*Available data*:
*** Begin section ***

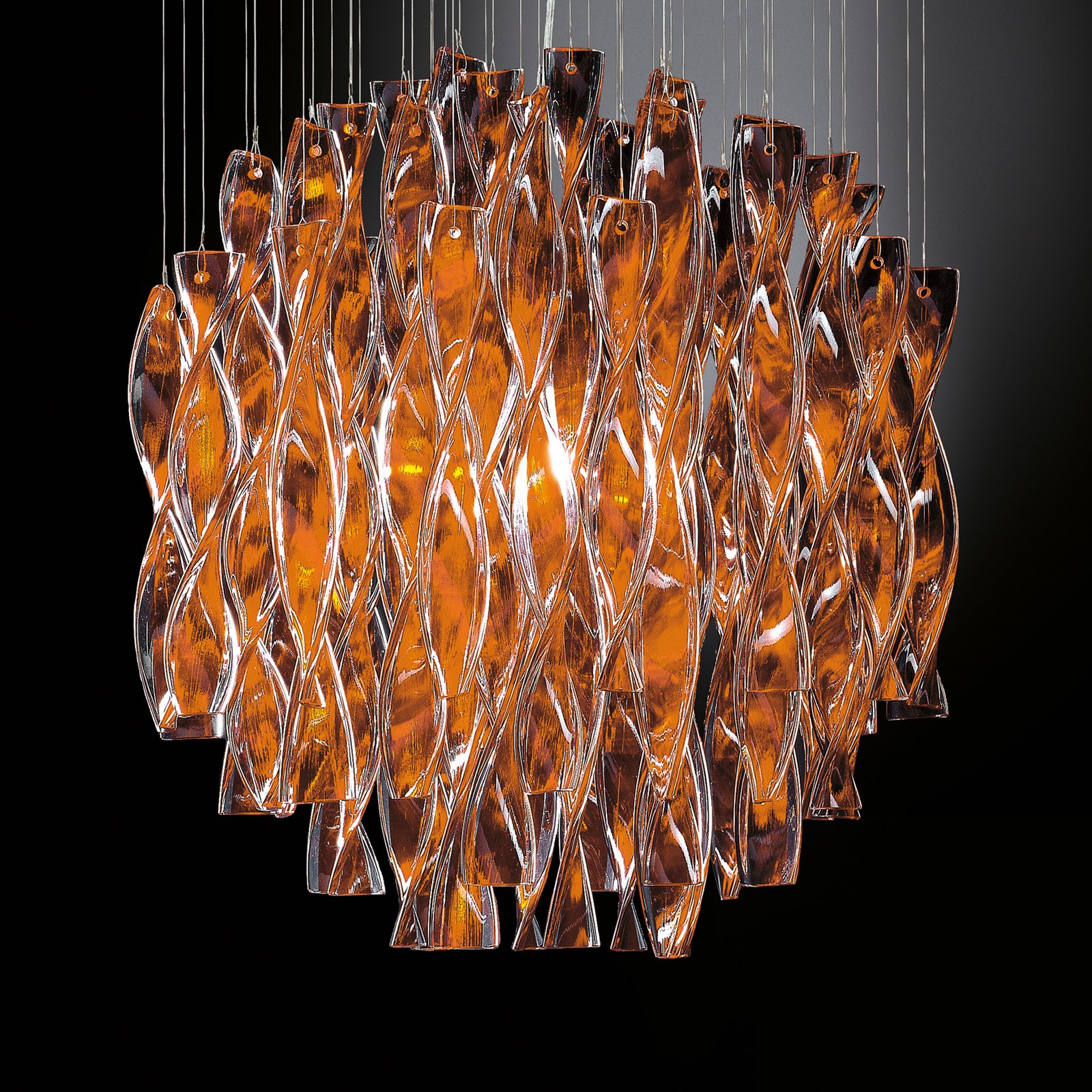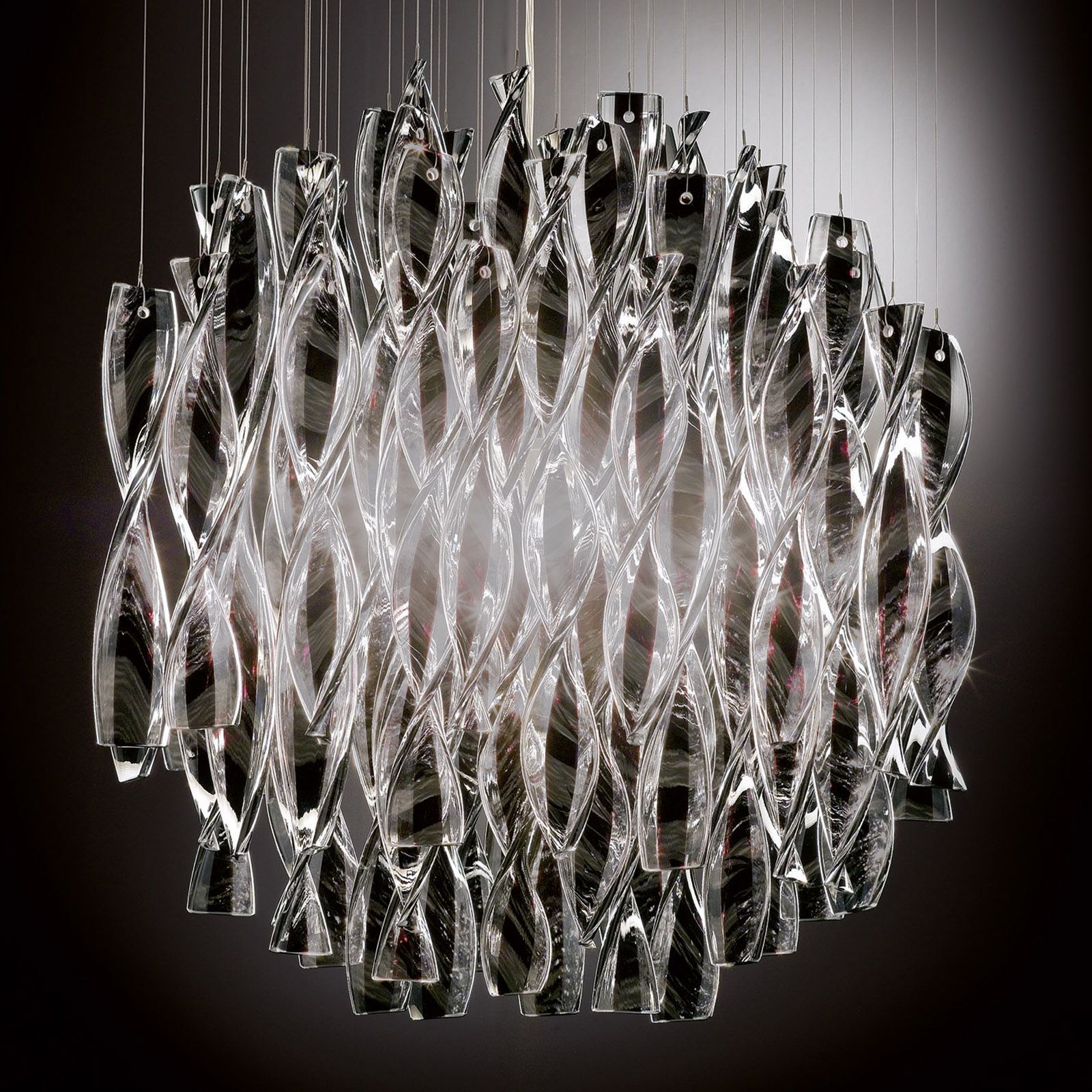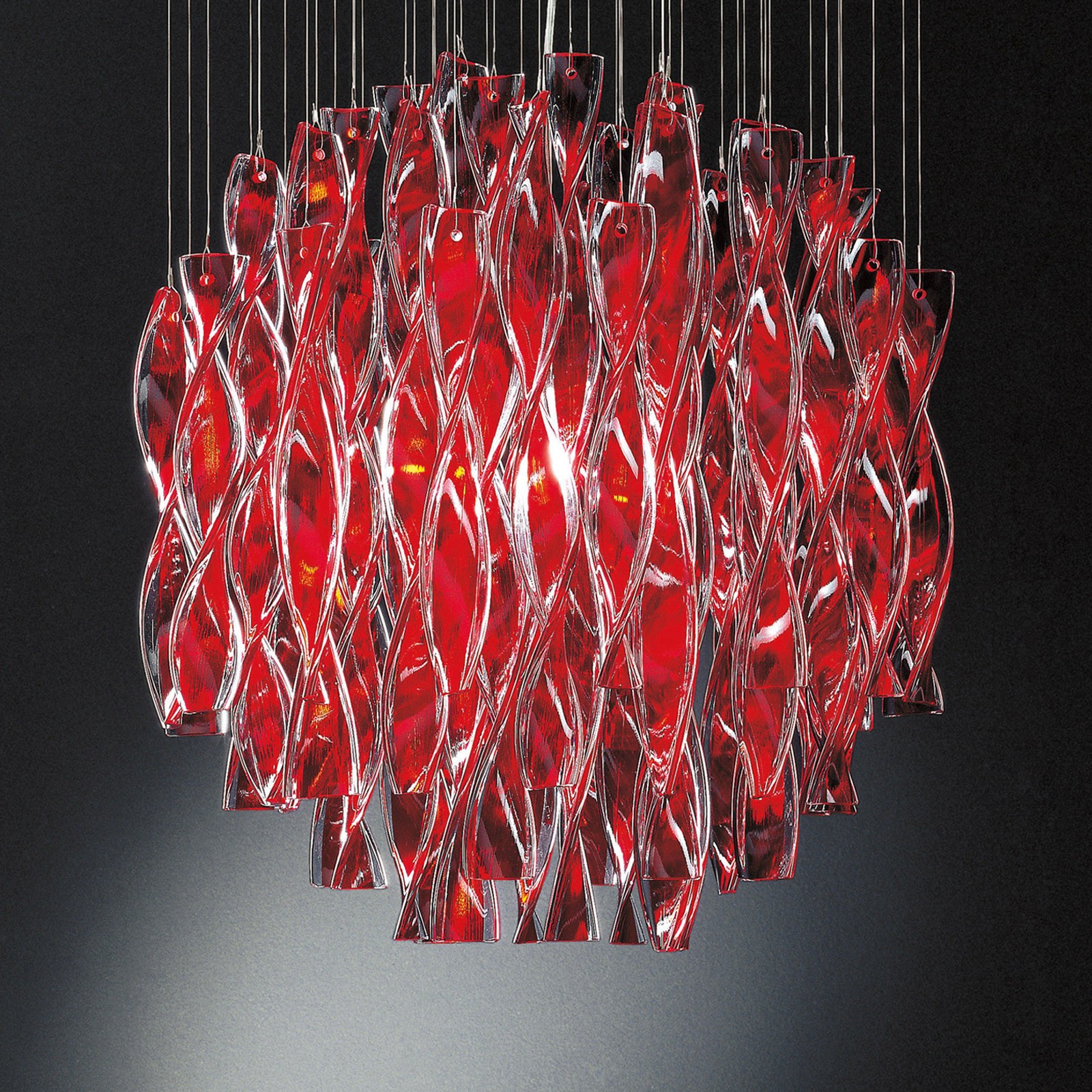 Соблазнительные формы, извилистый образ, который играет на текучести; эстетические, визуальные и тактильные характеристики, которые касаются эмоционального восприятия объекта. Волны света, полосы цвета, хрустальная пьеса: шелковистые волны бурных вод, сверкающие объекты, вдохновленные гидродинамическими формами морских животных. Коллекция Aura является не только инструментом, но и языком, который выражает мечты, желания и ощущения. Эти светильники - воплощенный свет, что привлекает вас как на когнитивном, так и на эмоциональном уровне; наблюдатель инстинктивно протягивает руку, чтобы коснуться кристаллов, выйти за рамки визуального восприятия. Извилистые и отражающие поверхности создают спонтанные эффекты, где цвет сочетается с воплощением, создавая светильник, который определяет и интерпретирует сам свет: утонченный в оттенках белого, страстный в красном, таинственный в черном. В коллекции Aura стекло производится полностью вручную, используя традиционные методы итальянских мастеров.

*** End section ***
*** Begin section ***

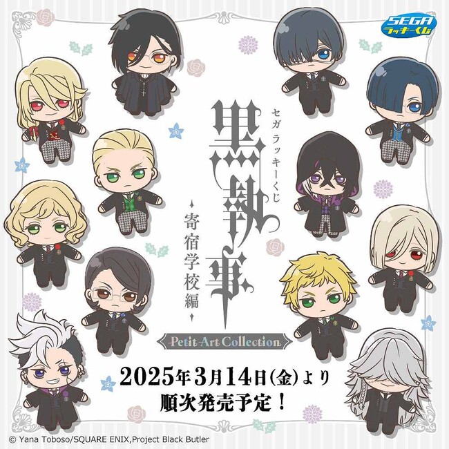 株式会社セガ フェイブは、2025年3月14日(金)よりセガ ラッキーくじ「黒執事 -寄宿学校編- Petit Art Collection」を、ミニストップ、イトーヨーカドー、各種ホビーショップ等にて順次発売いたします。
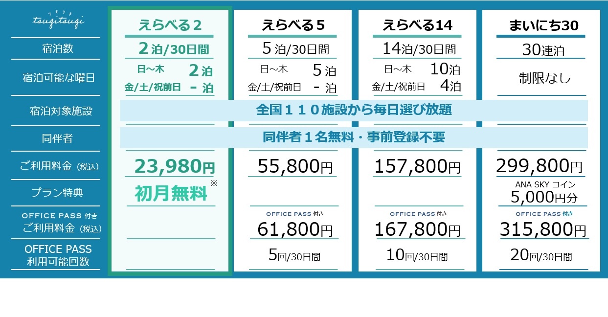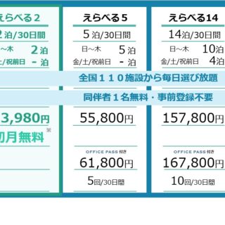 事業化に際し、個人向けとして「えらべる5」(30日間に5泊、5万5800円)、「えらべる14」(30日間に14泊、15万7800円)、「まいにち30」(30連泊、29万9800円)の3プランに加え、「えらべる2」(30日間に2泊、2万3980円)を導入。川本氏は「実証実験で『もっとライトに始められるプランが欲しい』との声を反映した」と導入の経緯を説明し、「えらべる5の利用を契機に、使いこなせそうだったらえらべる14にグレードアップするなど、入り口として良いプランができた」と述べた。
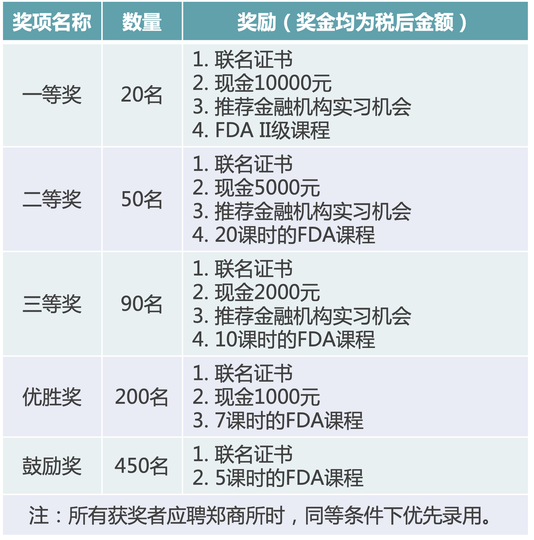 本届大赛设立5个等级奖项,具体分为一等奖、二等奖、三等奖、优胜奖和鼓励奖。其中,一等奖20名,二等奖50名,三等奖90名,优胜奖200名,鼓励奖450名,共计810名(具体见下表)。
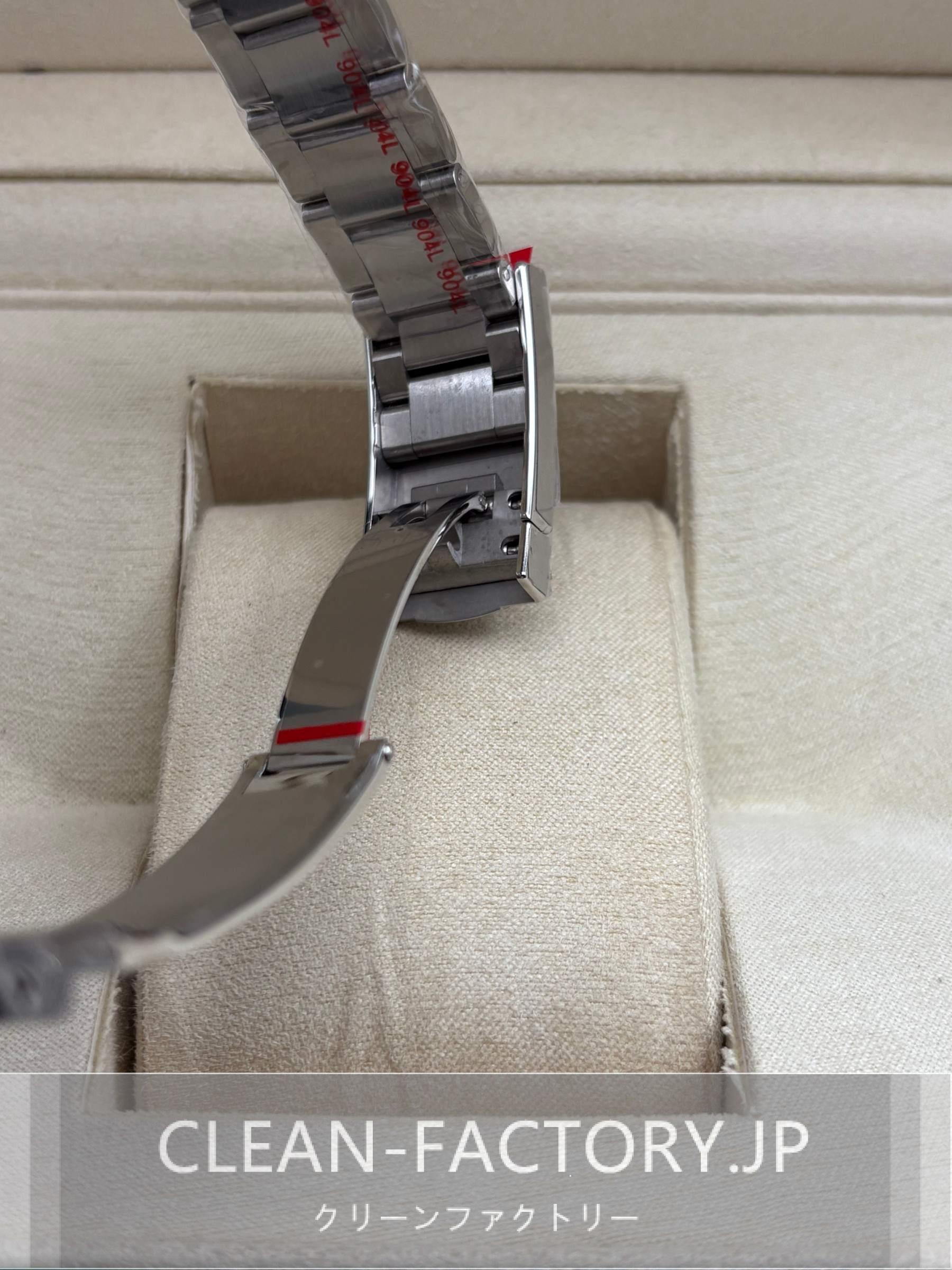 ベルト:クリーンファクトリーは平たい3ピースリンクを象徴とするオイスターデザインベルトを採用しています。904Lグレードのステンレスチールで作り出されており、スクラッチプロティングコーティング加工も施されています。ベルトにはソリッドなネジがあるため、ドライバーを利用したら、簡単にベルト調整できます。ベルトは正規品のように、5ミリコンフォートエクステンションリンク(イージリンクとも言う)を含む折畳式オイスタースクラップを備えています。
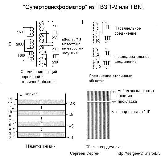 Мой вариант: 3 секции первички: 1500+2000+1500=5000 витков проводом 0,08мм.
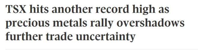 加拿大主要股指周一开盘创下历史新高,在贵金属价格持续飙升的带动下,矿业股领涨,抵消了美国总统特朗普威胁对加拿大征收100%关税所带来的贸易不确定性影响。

*** End section ***

*Aim of the task*: Copy the lines above between the one holding "株式会社セガ フェイブは、2025年3月14日(金)よりセガ ラッキーくじ「黒執事" and the one holding "本届大赛设立5个等级奖项,具", inclusive. Drop the pictures.

*Final answer*:
 株式会社セガ フェイブは、2025年3月14日(金)よりセガ ラッキーくじ「黒執事 -寄宿学校編- Petit Art Collection」を、ミニストップ、イトーヨーカドー、各種ホビーショップ等にて順次発売いたします。
 事業化に際し、個人向けとして「えらべる5」(30日間に5泊、5万5800円)、「えらべる14」(30日間に14泊、15万7800円)、「まいにち30」(30連泊、29万9800円)の3プランに加え、「えらべる2」(30日間に2泊、2万3980円)を導入。川本氏は「実証実験で『もっとライトに始められるプランが欲しい』との声を反映した」と導入の経緯を説明し、「えらべる5の利用を契機に、使いこなせそうだったらえらべる14にグレードアップするなど、入り口として良いプランができた」と述べた。
 本届大赛设立5个等级奖项,具体分为一等奖、二等奖、三等奖、优胜奖和鼓励奖。其中,一等奖20名,二等奖50名,三等奖90名,优胜奖200名,鼓励奖450名,共计810名(具体见下表)。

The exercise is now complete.